В руках Эль-Гах, входя в пещеры и называя пароль, держала стопку бумажных листов с глянцевым покрытием — это были её работы. Устроившись где-то примерно по центру пещеры, Эль-Гах полулегла, оперевшись рукой на ковёр, и принялась раздавать интересующимся свои новые работы; каждый из Посвящённых, отсмотрев очередную картину, передавал её дальше по цепочке. Между коврами на камнях были расставлены большие, высотой по колено, стеклянные колбы — лампы со светящимися грибами. Чтобы лучше рассмотреть каждую следующую работу Эль-Гах, Посвящённые брали эти лампы в руки и подносили их к глянцево мерцающим листам с картинами.

На основной на сегодня, программной картине культовой художницы была изображена одна из Пещер — в том состоянии, в котором она находилась, когда Пещеры были только найдены Белиром и Ривеном: ни ковров на камнях, ни ламп между коврами. Смутный зеленоватый свет (его Эль-Гах придумала) туманной болотной дымкой поднимался от чёрного каменного пола, низко нависали чёрные своды, молочно-белым светились грибы . Посреди пещеры Эль-Гах изобразила миниатюрную, в чёрно-ало-жёлтой драпировке, лежащую на полу лаяр. Женщина как будто полуприлегла для светской беседы, как это у лаяр было принято. В руках у женщины был ритуальный нож ангов, и струилась в зеленоватую дымку и на чёрные камни кровь из взрезанных вен на левой руке.



Картина получила всеобщее одобрение.


Эль-Гах снова собрала свои отсмотренные собравшимися картины. С этими картинами в руках, держа их перед собой как нотные записи, художница вышла на середину пещеры, чтобы петь для собравшихся. В эту ночь в клубе собрался своего рода стихийный ансамбль: увлекавшийся этническими мотивами ангов лютнист и композитор Бесноватый, солирующая голосом Эль-Гах, несколько исполнителей, специализировавшихся по бубнам и барабанам. (Громадные бубны и барабаны тут же прикатили из смежной пещеры.) Написал музыку, которую предстояло исполнять ансамблю, Бесноватый.

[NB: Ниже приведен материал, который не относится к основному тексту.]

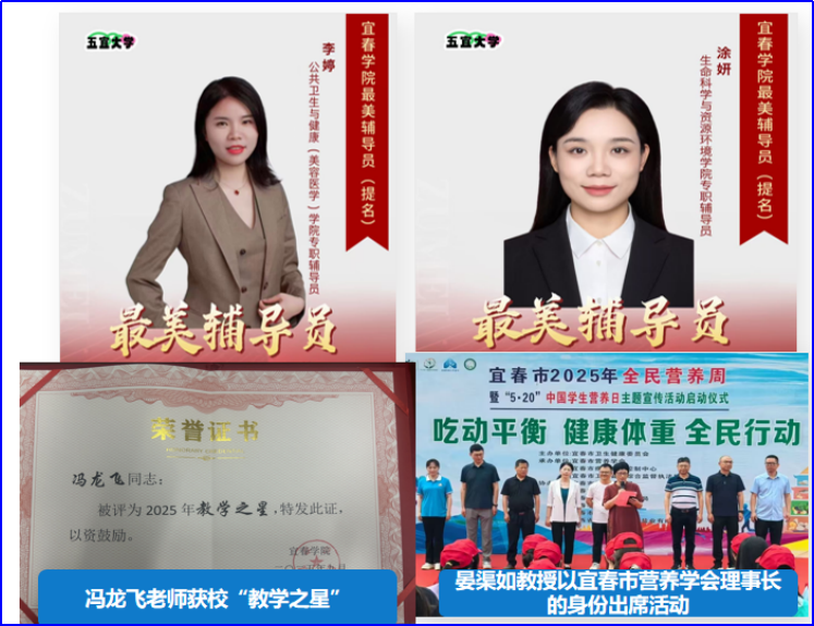 2.筑牢师德师风关键环,打造高尚教师队伍。 学院坚守师德“生命线”,建立师德档案,严抓考核标准。近三年实现师德失范“零案例”,涌现出江西省金牌研究生导师吴正平教授、首届江西省本科高校金牌青年教师周金娟、校“最美辅导-员”涂妍李婷、“最受欢迎教师”刘小英、教学之星冯龙飞等一批先进典型。预防医学专业晏渠如教授,以宜春市营养学会理事长身份带领师生深耕营养科普,成为师德建设与社会服务深度融合的典范。
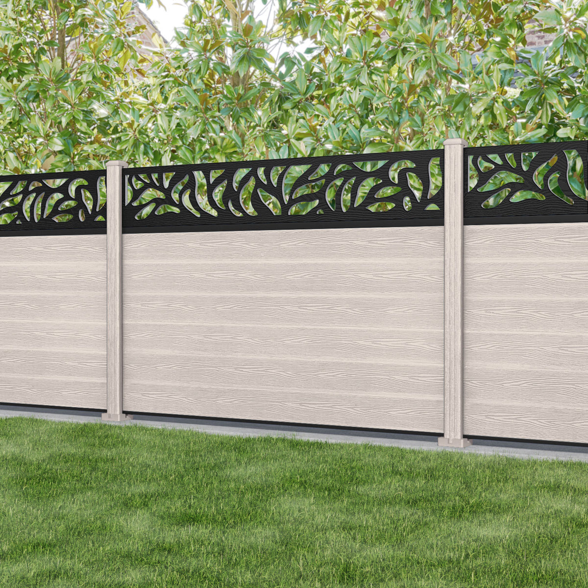 Classic Plume Fence Panel Mid Stone - with our composite posts

Эта ночь определённо стала триумфом Эль-Гах: не только её картины, но и её партию солистки в этнических фантазиях Бесноватого публика приняла на «ура». Обладая мощнейшим высоким голосом, Эль-Гах периодически участвовала в чужих музыкальных композициях. Ведя своё соло, она в этот раз повышала и повышала голос, чуть не сводя его на ультразвук. От особенно высокой вибрации со стен даже осыпалась кое-где мелкая чёрная каменная крошка…

Глава 7

Проснувшись, Белир полулежал в своём кабинете-спальне на ложе под бело-голубым балдахином и мрачно вспоминал своё детство — школьные годы. Вспоминал себя в восьмилетнем возрасте. Сознание Белира заполнял большой, в ладонь величиной, перезрело-мягкий, жёлтый с коричневыми проплешинами, истекающий сладким соком плод дерева кулай.

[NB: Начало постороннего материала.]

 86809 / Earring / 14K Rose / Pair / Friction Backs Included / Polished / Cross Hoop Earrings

В то зимнее утро восьмилетний Белир с неохотой продрал глаза. За окнами было ещё черно застывшей чернотой стужи месяца Кабр — самого морозного зимнего месяца. «Ну ещё пару минуточек поспать», слабым со сна голосом уговаривал расталкивающего его слугу Белир. «Ну ещё пару минуточек», по инерции лепетал Белир, втискиваясь в утеплённый по-зимнему вариант туники, натягивая под тунику шерстяные колготы. «Ну ещё пару минуточек»… Слуга уже раздирал расчёской свалявшиеся во сне колтуном негустые белоснежные волосы Белира. На обеденном столе ждала Белира жидкая, разваренная, отвратительная каша.

Белир чувствовал себя маленьким, ничего не значащим в этой комнате, в этом княжестве, в громадной, с потолками-аркадами, школе, куда ему предстояло сейчас отправиться. Над парадным входом в школу были мозаикой выложены Солнечные Богини — старшая Лаума и младшая Лайна. Богини призывали к скромности и трудолюбию. Всякий раз, когда Белир, подходя к школе, видел над входом священное изображение, его пронизывала острая и отчаянная ненависть к Богиням.

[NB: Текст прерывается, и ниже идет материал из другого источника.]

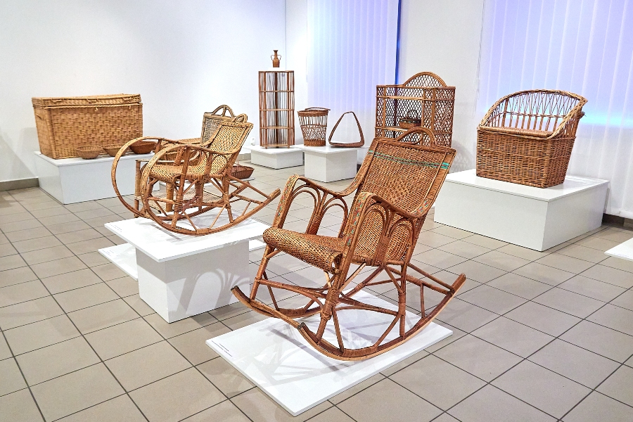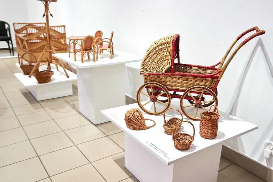 Na wystawie jest ponad 30 historycznych przedmiotów z wikliny, wiele przedwojennych. Piękne krzesła, fotele bujane, stoliki, taborety, łóżeczko do spania, zabawki dla dzieci, koszyki na święconkę, kwietniki, kufry i etażerka.

Тем утром Белир, как обычно, собирал в школу свой холщовый мешок со свитками и пишущими принадлежностями. Слуга завернул Белиру в школу этот самый, долго не выходивший после из памяти Белира, плод дерева кулай. Кулай затерялся где-то в мешке, Белир забыл о нём в школе. Вернувшись домой, Белир обнаружил беду — липкий, переспевший кулай оказался раздавлен в мешке между школьными свитками, свитки расквасились и пошли коричнево-жёлтыми потёками; Белира затошнило, когда он открыл дома в детской свой школьный мешок.

Это запомнилось, потому что такую же, разве что послабее, тошноту Белир испытывал от жизни вообще. От отвратительной разваренной каши по утрам, от необходимости зубрить в школе бесконечные даты и глаголы, от скромности и трудолюбия, которым учили его на уроках богословия.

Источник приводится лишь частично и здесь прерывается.